Like Angelina Jolie, Allison Gilbert had two preventive cancer surgeries to remove her ovaries and fallopian tubes and later her breasts
Gilbert:Jolie's disclosure about her surgeries has brought needed attention to this surgical option for carriers of insidious BRCA1 gene
Editor’s Note: Allison Gilbert is the author of “Parentless Parents: How the Loss of Our Mothers and Fathers Impacts the Way We Raise Our Children.” She lost her mother, grandmother, and aunt to breast and ovarian cancer. Follow her on Twitter @agilbertwriter. The opinions expressed in this commentary are solely those of the writer.
In 2007 I had my ovaries and fallopian tubes removed to prevent my getting ovarian cancer.
It was a surgery of the kind that Angelina Jolie recently underwent, as she revealed Tuesday in a New York Times op-ed. Two years ago, Jolie divulged that she’d had a prophylactic double mastectomy – I had done this as well, in 2012.
Along with the effects of the surgeries themselves, we now also share a related fallout: surgical menopause.

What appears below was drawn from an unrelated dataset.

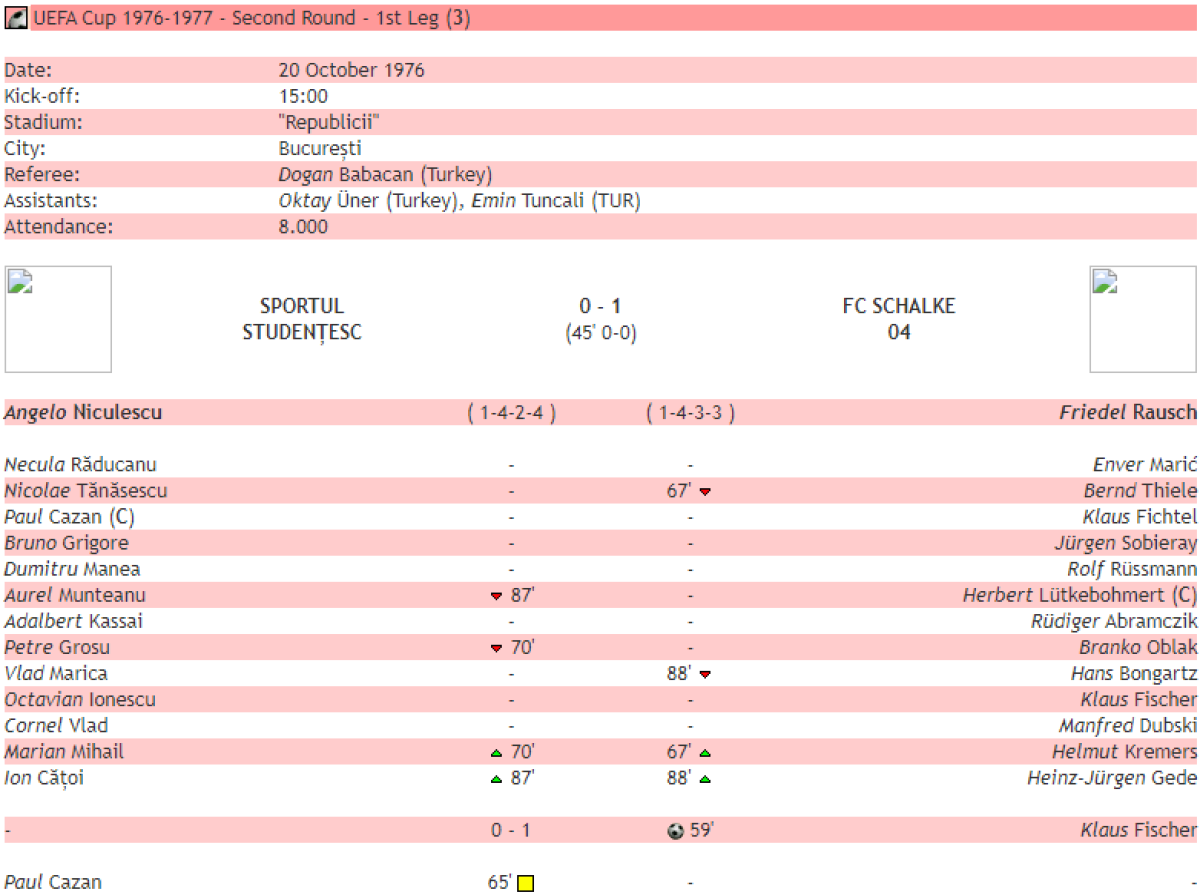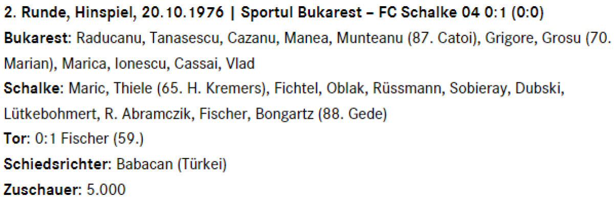 «Спортул-Студенцеск» Бухарест - «Шальке-04» Гельзенкирхен - 0:1

This change can be big and, for me, happened almost immediately. There is little easing into it: the age-inappropriate night sweats, hot flashes, weight gain, mood swings. When I had my ovaries removed at age 37, I suddenly felt less vibrant and beautiful, and instead experienced the slow creep of feeling old. What will this transition mean to someone like Jolie, so identified for her attractiveness and glamour? (She may keep that part of her transformation private, but – as with her disclosures about the surgeries – it might do some good to discuss that, as well.)
I’ve been talking and writing about BRCA1 since I learned more than 10 years ago that I carried this insidious, inherited genetic mutation. I’ve discussed how these operations have affected my relationship with my husband and our two children. But often it takes someone as public, as gorgeous, as famous as Ms. Jolie to powerfully move the conversation about cancer prevention surgeries forward.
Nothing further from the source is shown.